* Task requirements
Transcribe the material verbatim, starting at its first line and stopping once the line containing "タイアップブースター 鬼滅の刃 Vol.2" has been given; no picture should appear.

======== Supplied material

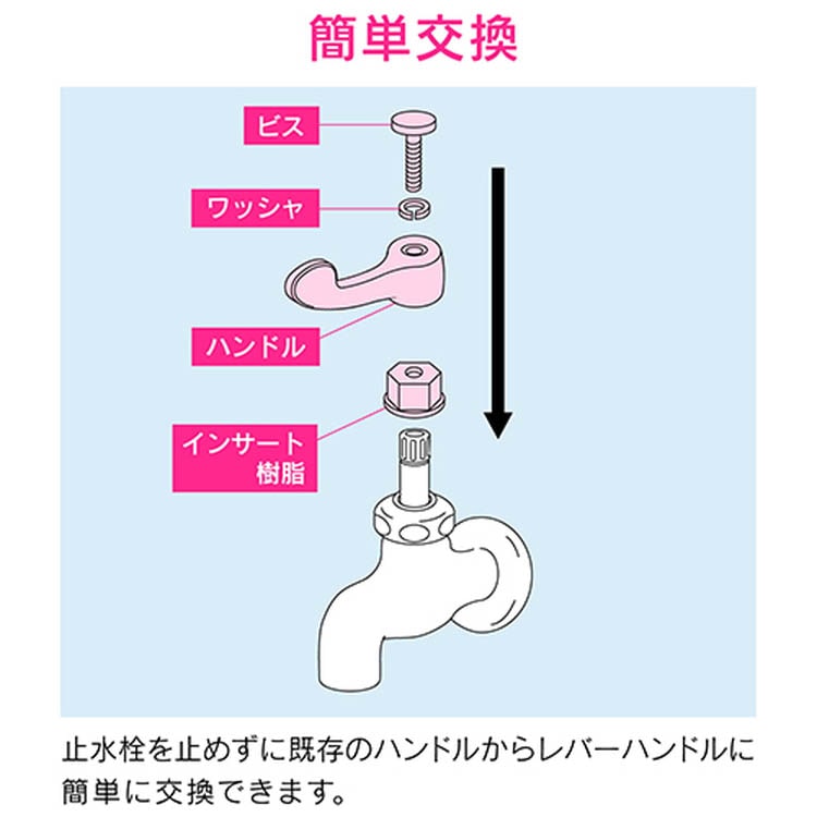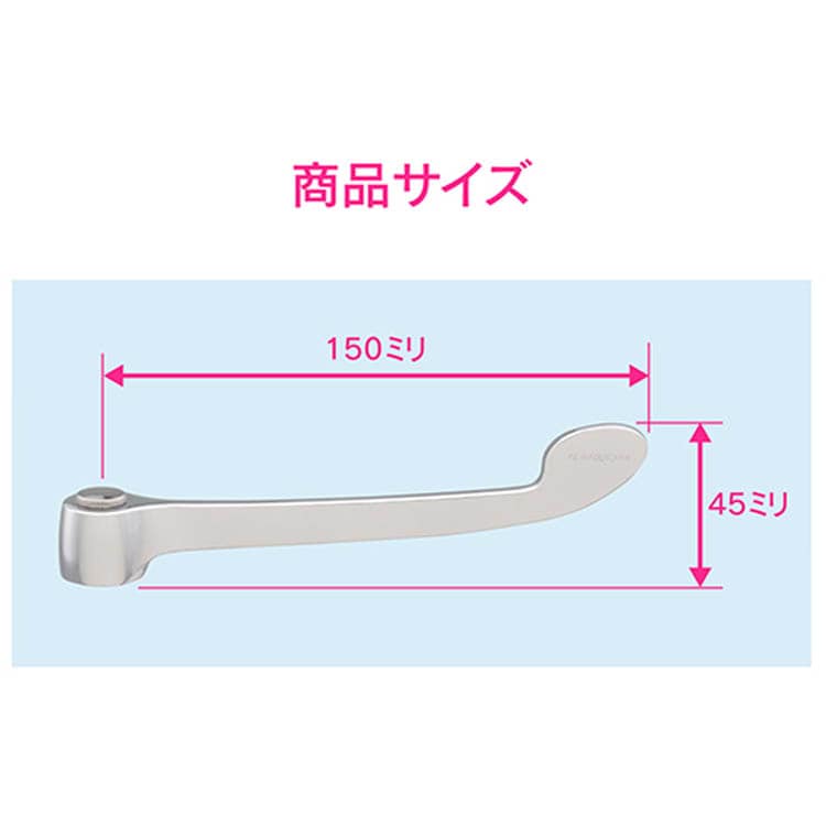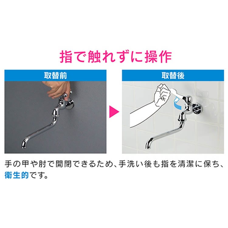 ●交換用ロングレバーハンドル。●軽い力で開閉でき、ハンドル操作が楽になります。●ハンドルが壁にあたり吐水量を制限するので、簡単に節水することができます。●指で触れずに手の甲や肘で開閉できるので、手洗い後も指を清潔に保てるため、大人数が使用する学校や施設に最適です。●各メーカーに対応したアダプターとビスがついているので、ほとんどの水栓に取付けることができます。
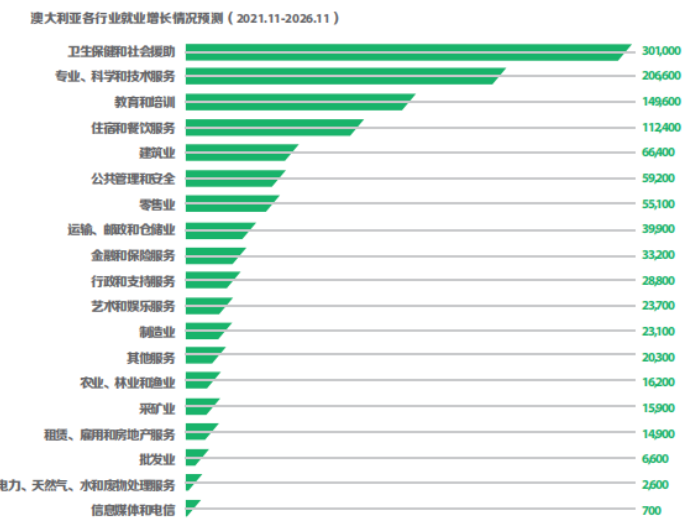 预计增长最大的五个行业具体是:卫生保健和社会援助,专业、科学和技术服务,教育和培训,住宿和餐饮服务,以及建筑业。
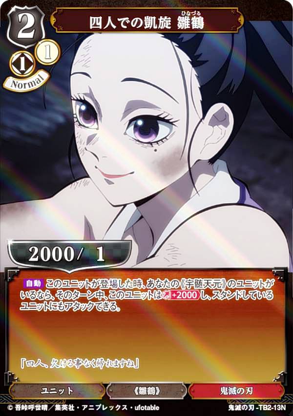 【パラレル】ビルディバイドTCG 鬼滅の刃-TB2-13N 四人での凱旋 雛鶴 (N ノーマル) タイアップブースター 鬼滅の刃 Vol.2
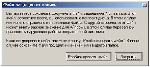 Итак, старое сообщение об ошибке гласило: «Не удается сохранить файл «D:\Только для чтения.doc». Файл с этим именем уже существует и доступен только для чтения. Сохраните файл под другим именем или в другой папке». Это довольно неплохое сообщение, во всяком случае, оно гораздо лучше, чем «Указано неверное число». Но и его можно улучшить. Сначала надо разобраться, в каких случаях оно появляется. Это несложно: оно может появляться, если пользователь попытался сохранить файл на компакт-диске, или же пытается сохранить файл, незадолго перед этим скопировав этот файл с компакт-диска. Случаи, когда файл заблокирован сознательно, в жизни редки, так что их чаще всего можно не учитывать. Главный враг – компакт-диск.

================

* Finished task
 ●交換用ロングレバーハンドル。●軽い力で開閉でき、ハンドル操作が楽になります。●ハンドルが壁にあたり吐水量を制限するので、簡単に節水することができます。●指で触れずに手の甲や肘で開閉できるので、手洗い後も指を清潔に保てるため、大人数が使用する学校や施設に最適です。●各メーカーに対応したアダプターとビスがついているので、ほとんどの水栓に取付けることができます。
 预计增长最大的五个行业具体是:卫生保健和社会援助,专业、科学和技术服务,教育和培训,住宿和餐饮服务,以及建筑业。
 【パラレル】ビルディバイドTCG 鬼滅の刃-TB2-13N 四人での凱旋 雛鶴 (N ノーマル) タイアップブースター 鬼滅の刃 Vol.2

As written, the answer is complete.